*** Data below ***
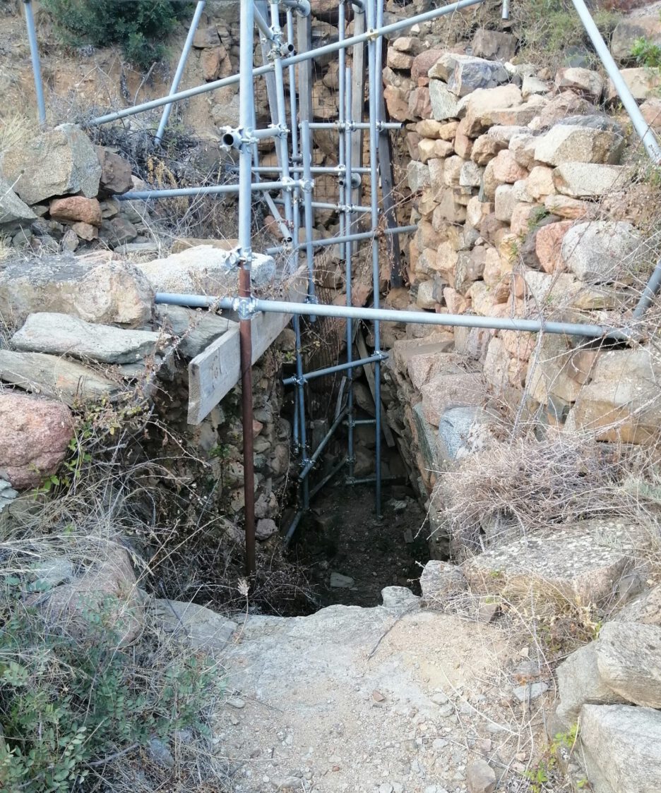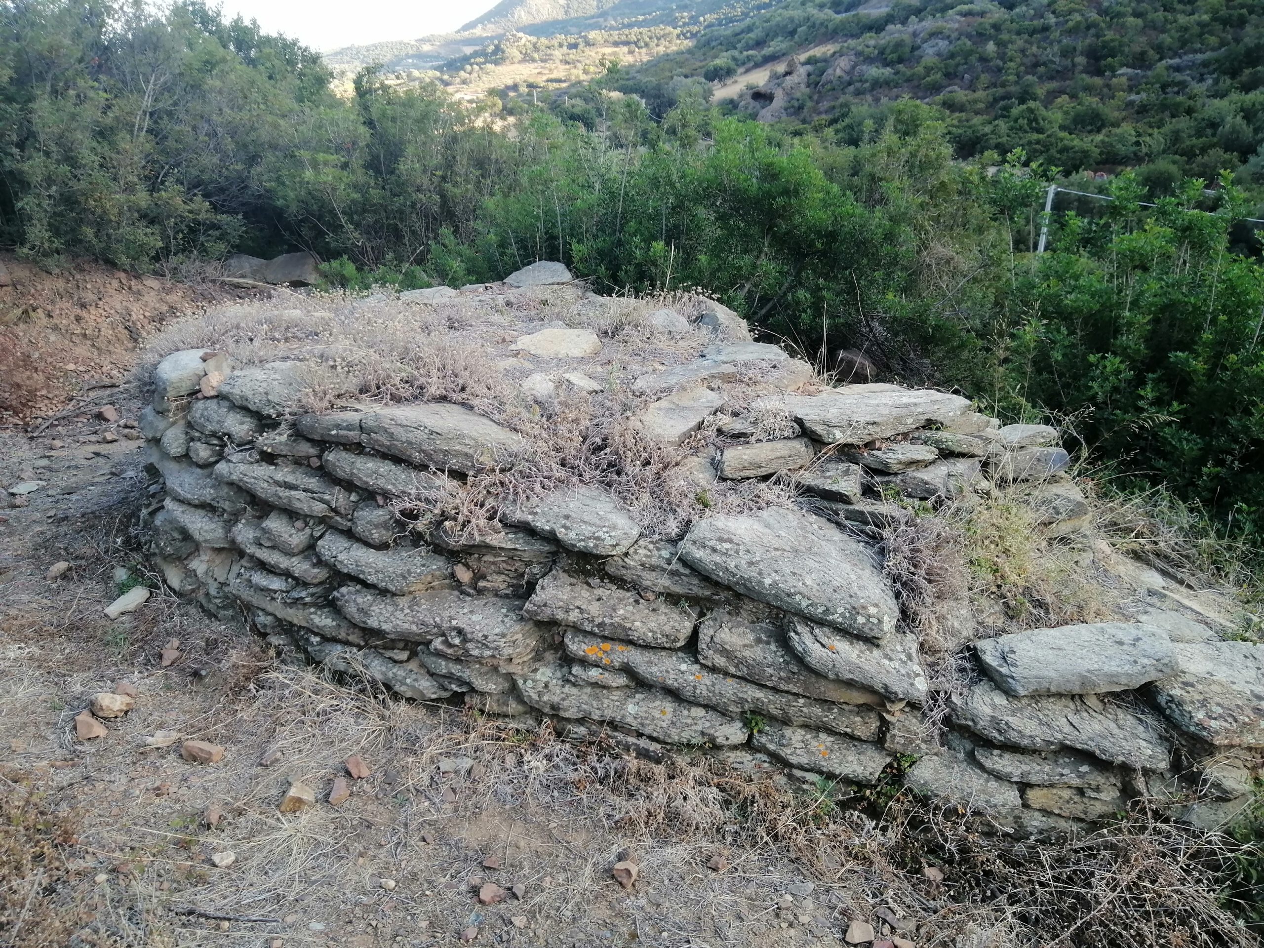 Eine sehr gut erhaltene heilige Quelle mit frischem Wasser, wo das Wasser höher drin steht als in der Umgebung. Es wurde später eine sehr kleine Nuraghe darauf gebaut, von der noch die Ränder stehen und die nach unten zum Brunnen hin ein Loch hat. Außen aus dicken Steinen, ist der Eingang ganz aus flachen Steinen, evtl. Schiefer, gebaut, ein schönes Bauwerk. Evtl. andere Bauten an diesem Ort werden gerade gesucht und ausgegraben. Es gibt noch eine Mauer.
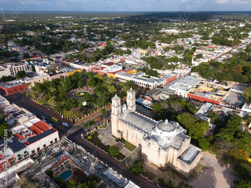 Fototapeta premium Sunny day, impressive architecture and park, aerial view
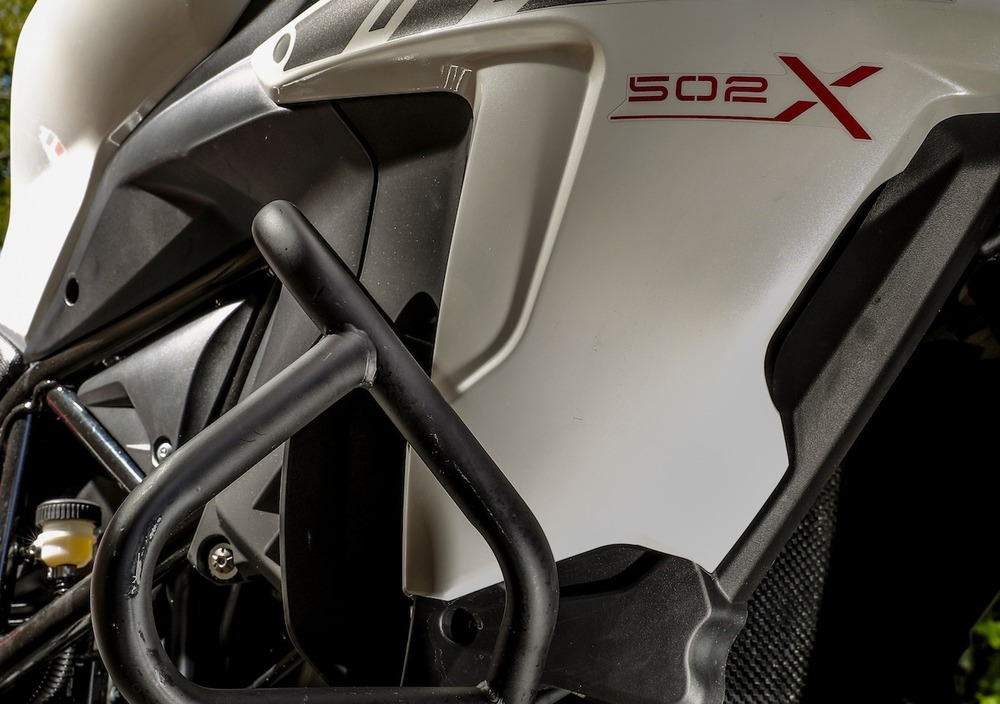 Questa versione “X” tiene quanto di buono abbiamo apprezzato sulla TRK 502, ma si dota di un equipaggiamento tecnico che la rende adatta anche ad un uso più avventuroso e fuoristradistico. Cambia non poco la ciclistica, con la ruota a raggi da 19 pollici anteriore brandita da una forcella - sempre con steli da 50 mm - con escursione maggiorata, così come quella del mono, che guadagna le regolazioni idrauliche della compressione e dell’estensione oltre a quella del precario prevista sulla versione prettamente stradale. Inoltre lo scarico viene spostato in una posizione più protetta in caso di guida su percorsi accidentati, e quindi passa dall’alloggiamento sotto al motore ad uno più conservativo sul lato destro. Anche i pneumatici di primo equipaggiamento, i Metzeler Tourance da 110/80-19 e 150/0-17, pur garantendo ottime prestazioni su asfalto, consentono di guidare in sicurezza pure sullo sterrato.
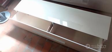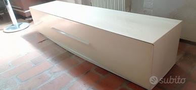 Mobile TV Basso / Madia Moderna Lucida – Beige Chiaro/Crema Descrizione In vendita mobile basso dal design moderno e minimalista, perfetto come mobile porta TV Il mobile è estremamente funzionale, dotato di un ampio cassettone a estrazione totale (che si apre rivelando due scomparti interni separati, come mostrato in foto), ideale per organizzare dispositivi multimediali, console, telecomandi, documenti o oggetti per la casa. La maniglia è sottile e cromata, in linea con lo stile moderno del mobile. Caratteristiche: Stile: Moderno, Contemporaneo, Minimalista. Materiale e Finitura: Laccato lucido di alta qualità. (Acquistato da Semeraro arredamenti) Colore: Beige chiaro / Crema (un colore neutro e facile da abbinare). Storage: 1 ampio cassetto frontale diviso in 2 scomparti. Stato: Il mobile è usato ma si presenta in ottime condizioni generali, con la superficie laccata ancora brillante. Dimensioni Esatte Lunghezza: 178 cm Larghezza (Profondità): 43 cm Altezza: 38 cm Le sue dimensioni lo rendono perfetto per TV anche di grandi dimensioni, mantenendo un profilo basso ed elegante. Informazioni per la Vendita Prezzo: 100€ Ritiro/trasporto: a cura e carico acquirente. Il tavolo si trova a Ferrara in centro storico.
*** End of Data below ***
→ Description of the task: The finished answer is an exact repetition of the listing, with every picture removed.

→ Answer for the task:
 Eine sehr gut erhaltene heilige Quelle mit frischem Wasser, wo das Wasser höher drin steht als in der Umgebung. Es wurde später eine sehr kleine Nuraghe darauf gebaut, von der noch die Ränder stehen und die nach unten zum Brunnen hin ein Loch hat. Außen aus dicken Steinen, ist der Eingang ganz aus flachen Steinen, evtl. Schiefer, gebaut, ein schönes Bauwerk. Evtl. andere Bauten an diesem Ort werden gerade gesucht und ausgegraben. Es gibt noch eine Mauer.
 Fototapeta premium Sunny day, impressive architecture and park, aerial view
 Questa versione “X” tiene quanto di buono abbiamo apprezzato sulla TRK 502, ma si dota di un equipaggiamento tecnico che la rende adatta anche ad un uso più avventuroso e fuoristradistico. Cambia non poco la ciclistica, con la ruota a raggi da 19 pollici anteriore brandita da una forcella - sempre con steli da 50 mm - con escursione maggiorata, così come quella del mono, che guadagna le regolazioni idrauliche della compressione e dell’estensione oltre a quella del precario prevista sulla versione prettamente stradale. Inoltre lo scarico viene spostato in una posizione più protetta in caso di guida su percorsi accidentati, e quindi passa dall’alloggiamento sotto al motore ad uno più conservativo sul lato destro. Anche i pneumatici di primo equipaggiamento, i Metzeler Tourance da 110/80-19 e 150/0-17, pur garantendo ottime prestazioni su asfalto, consentono di guidare in sicurezza pure sullo sterrato.
 Mobile TV Basso / Madia Moderna Lucida – Beige Chiaro/Crema Descrizione In vendita mobile basso dal design moderno e minimalista, perfetto come mobile porta TV Il mobile è estremamente funzionale, dotato di un ampio cassettone a estrazione totale (che si apre rivelando due scomparti interni separati, come mostrato in foto), ideale per organizzare dispositivi multimediali, console, telecomandi, documenti o oggetti per la casa. La maniglia è sottile e cromata, in linea con lo stile moderno del mobile. Caratteristiche: Stile: Moderno, Contemporaneo, Minimalista. Materiale e Finitura: Laccato lucido di alta qualità. (Acquistato da Semeraro arredamenti) Colore: Beige chiaro / Crema (un colore neutro e facile da abbinare). Storage: 1 ampio cassetto frontale diviso in 2 scomparti. Stato: Il mobile è usato ma si presenta in ottime condizioni generali, con la superficie laccata ancora brillante. Dimensioni Esatte Lunghezza: 178 cm Larghezza (Profondità): 43 cm Altezza: 38 cm Le sue dimensioni lo rendono perfetto per TV anche di grandi dimensioni, mantenendo un profilo basso ed elegante. Informazioni per la Vendita Prezzo: 100€ Ritiro/trasporto: a cura e carico acquirente. Il tavolo si trova a Ferrara in centro storico.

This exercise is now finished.